(Records to process)
^^^^

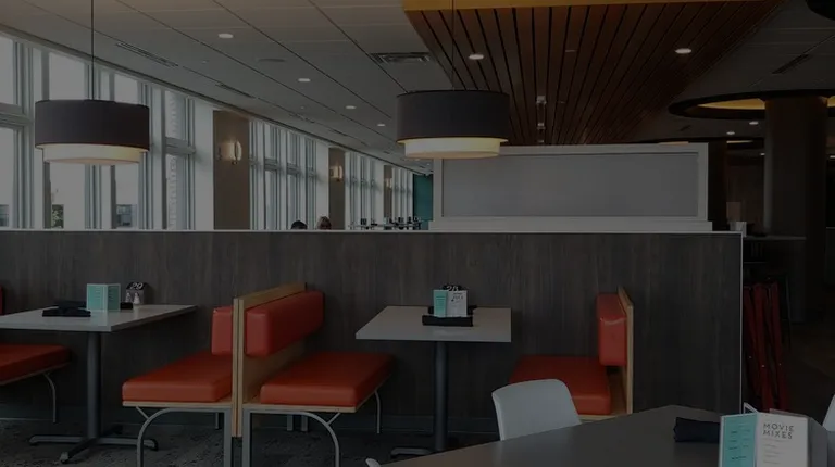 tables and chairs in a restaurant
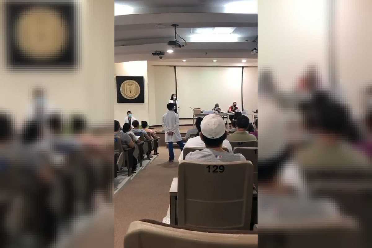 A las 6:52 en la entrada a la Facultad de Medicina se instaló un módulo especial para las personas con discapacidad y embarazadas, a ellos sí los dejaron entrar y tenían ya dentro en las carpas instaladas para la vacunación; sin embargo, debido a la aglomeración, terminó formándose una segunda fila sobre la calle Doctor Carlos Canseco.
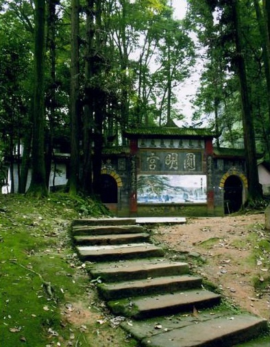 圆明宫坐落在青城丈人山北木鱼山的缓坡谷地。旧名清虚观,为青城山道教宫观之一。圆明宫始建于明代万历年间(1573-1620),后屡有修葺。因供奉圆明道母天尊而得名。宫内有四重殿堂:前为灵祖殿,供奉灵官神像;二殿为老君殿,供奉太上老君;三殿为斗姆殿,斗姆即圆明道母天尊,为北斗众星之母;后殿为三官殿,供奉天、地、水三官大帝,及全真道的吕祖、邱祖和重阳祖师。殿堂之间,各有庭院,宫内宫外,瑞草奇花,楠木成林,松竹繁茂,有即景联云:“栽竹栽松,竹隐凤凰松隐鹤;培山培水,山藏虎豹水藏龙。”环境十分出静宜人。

^^^^

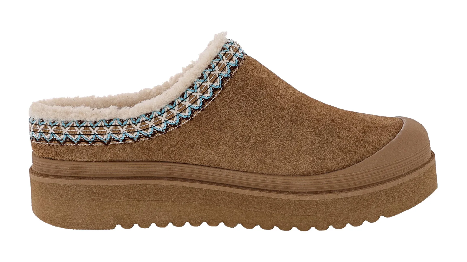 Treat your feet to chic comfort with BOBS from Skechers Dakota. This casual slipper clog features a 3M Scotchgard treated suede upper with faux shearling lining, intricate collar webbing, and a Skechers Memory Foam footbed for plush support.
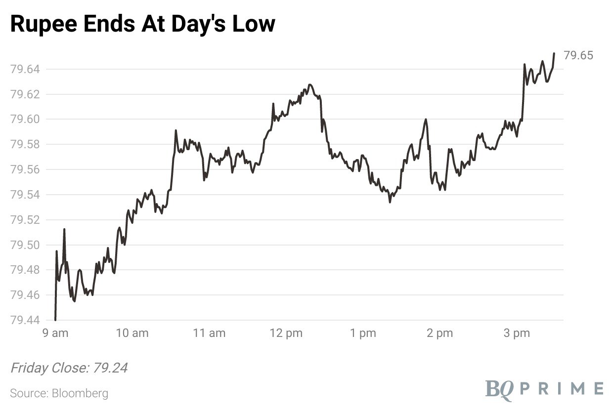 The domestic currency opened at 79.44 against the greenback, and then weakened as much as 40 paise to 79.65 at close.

^^^^

(Your task)
Would you copy, word for word, only the lines above from the one containing "tables and chairs in a restaurant" through the one containing "圆明宫坐落在青城丈人山北木鱼", both included, and please leave out the pictures?

(Your response)
 tables and chairs in a restaurant
 A las 6:52 en la entrada a la Facultad de Medicina se instaló un módulo especial para las personas con discapacidad y embarazadas, a ellos sí los dejaron entrar y tenían ya dentro en las carpas instaladas para la vacunación; sin embargo, debido a la aglomeración, terminó formándose una segunda fila sobre la calle Doctor Carlos Canseco.
 圆明宫坐落在青城丈人山北木鱼山的缓坡谷地。旧名清虚观,为青城山道教宫观之一。圆明宫始建于明代万历年间(1573-1620),后屡有修葺。因供奉圆明道母天尊而得名。宫内有四重殿堂:前为灵祖殿,供奉灵官神像;二殿为老君殿,供奉太上老君;三殿为斗姆殿,斗姆即圆明道母天尊,为北斗众星之母;后殿为三官殿,供奉天、地、水三官大帝,及全真道的吕祖、邱祖和重阳祖师。殿堂之间,各有庭院,宫内宫外,瑞草奇花,楠木成林,松竹繁茂,有即景联云:“栽竹栽松,竹隐凤凰松隐鹤;培山培水,山藏虎豹水藏龙。”环境十分出静宜人。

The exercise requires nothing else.